EEOC Announces Shift in Combatting Employment Discrimination
The U.S. Equal Employment Opportunity Commission (EEOC) is focusing on combating national origin discrimination against American workers. This includes addressing unlawful employer preferences for non-American workers, such as exploiting wage differences or assuming foreign workers are more compliant or productive. Under Title VII of the Civil Rights Act, national origin discrimination is illegal, regardless of citizenship or immigration status. The EEOC plans to collaborate with other federal agencies to address these issues. Employers should review hiring practices, train managers, and evaluate policies to ensure compliance and foster inclusivity. Click here to learn more about this legal update.
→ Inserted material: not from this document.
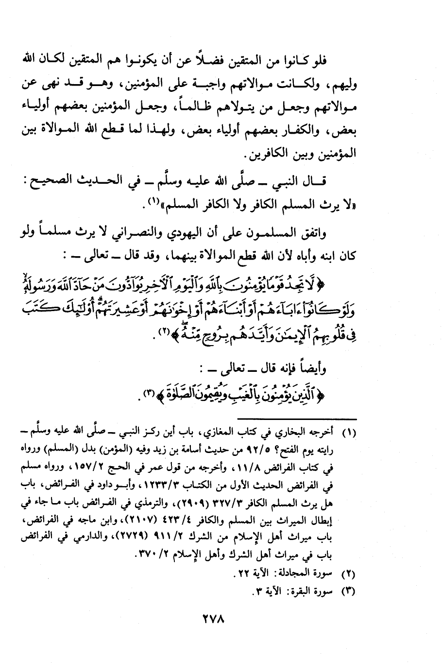 وَاتَّفَقَ الْمُسْلِمُونَ عَلَى أَنَّ الْيَهُودِيَّ وَالنَّصْرَانِيَّ لَا يَرِثُ مُسْلِمًا وَلَوْ كَانَ ابْنَهُ وَأَبَاهُ ; لِأَنَّ اللَّهَ قَطَعَ الْمُوَالَاةَ بَيْنَهُمَا وَقَدْ قَالَ - تَعَالَى -: {لَا تَجِدُ قَوْمًا يُؤْمِنُونَ بِاللَّهِ وَالْيَوْمِ الْآخِرِ يُوَادُّونَ مَنْ حَادَّ اللَّهَ وَرَسُولَهُ وَلَوْ كَانُوا آبَاءَهُمْ أَوْ أَبْنَاءَهُمْ أَوْ إِخْوَانَهُمْ أَوْ عَشِيرَتَهُمْ أُولَئِكَ كَتَبَ فِي قُلُوبِهِمُ الْإِيمَانَ وَأَيَّدَهُمْ بِرُوحٍ مِنْهُ} [المجادلة: 22] وَأَيْضًا فَإِنَّهُ قَالَ - تَعَالَى -: {الَّذِينَ يُؤْمِنُونَ بِالْغَيْبِ وَيُقِيمُونَ الصَّلَاةَ} [البقرة: 3]

How to Prepare for U.S. Immigration and Customs Enforcement (“ICE”) Actions
With increased attention to immigration enforcement, it’s essential for employers to proactively establish protocols that both ensure compliance and protect the rights of employees. Here are key steps organizations can take:
- Establish Clear Protocols: Develop clear procedures for responding to ICE visits, designate trained contacts, and clarify workplace areas where ICE has access based on warrant types.
- Provide Employee Education: Train frontline employees, like receptionists or security, to professionally handle ICE interactions while protecting legal rights. Ensure they know how to escalate to the appropriate contacts promptly.
- Conduct Internal Document Audits: Regularly review and organize I-9 forms and immigration documents to ensure compliance and prepare for ICE inspections.
- Review and Strengthen Immigration Policies: Update internal immigration policies to ensure compliance and minimize legal or financial risks from employing undocumented workers.
- Plan for Enforcement Scenarios: Create contingency plans to handle ICE actions, including communication, legal strategies, and employee support.
- Support Employee Well-Being: ICE visits can create workplace anxiety. Offering mental health resources, legal support, and clear communication channels helps maintain morale and support employees with concerns about their rights.
WASHINGTON UPDATES
WA Supreme Court: Restrictions on Low-Wage Workers Working for Competitors
On January 23, 2025, the Washington Supreme Court ruled in David v. Freedom Vans LLC that employers cannot broadly restrict low-wage employees from working for competitors during their employment. The case involved two employees earning below twice the state minimum wage, who challenged agreements barring them from outside work. The Court found these restrictions violated Washington’s noncompete law, which protects lower-wage workers. Employers should review agreements and policies to ensure compliance with wage threshold regulations, and consult legal counsel if needed.
Washington’s First My Health My Data (MHMD) complaint
A class action lawsuit was filed on February 10, 2025, against an online retailer under Washington’s My Health My Data (MHMD) Act—the first case under this law. The lawsuit alleges the retailer’s advertising division collected and sold consumer location data via an SDK in mobile apps without proper consent. This data, including geolocation and advertising IDs, could reveal sensitive health-related information. The MHMD Act requires clear, written consent for collecting or sharing such data, with enforcement by individuals or the Washington Attorney General. Businesses should review data practices to ensure compliance.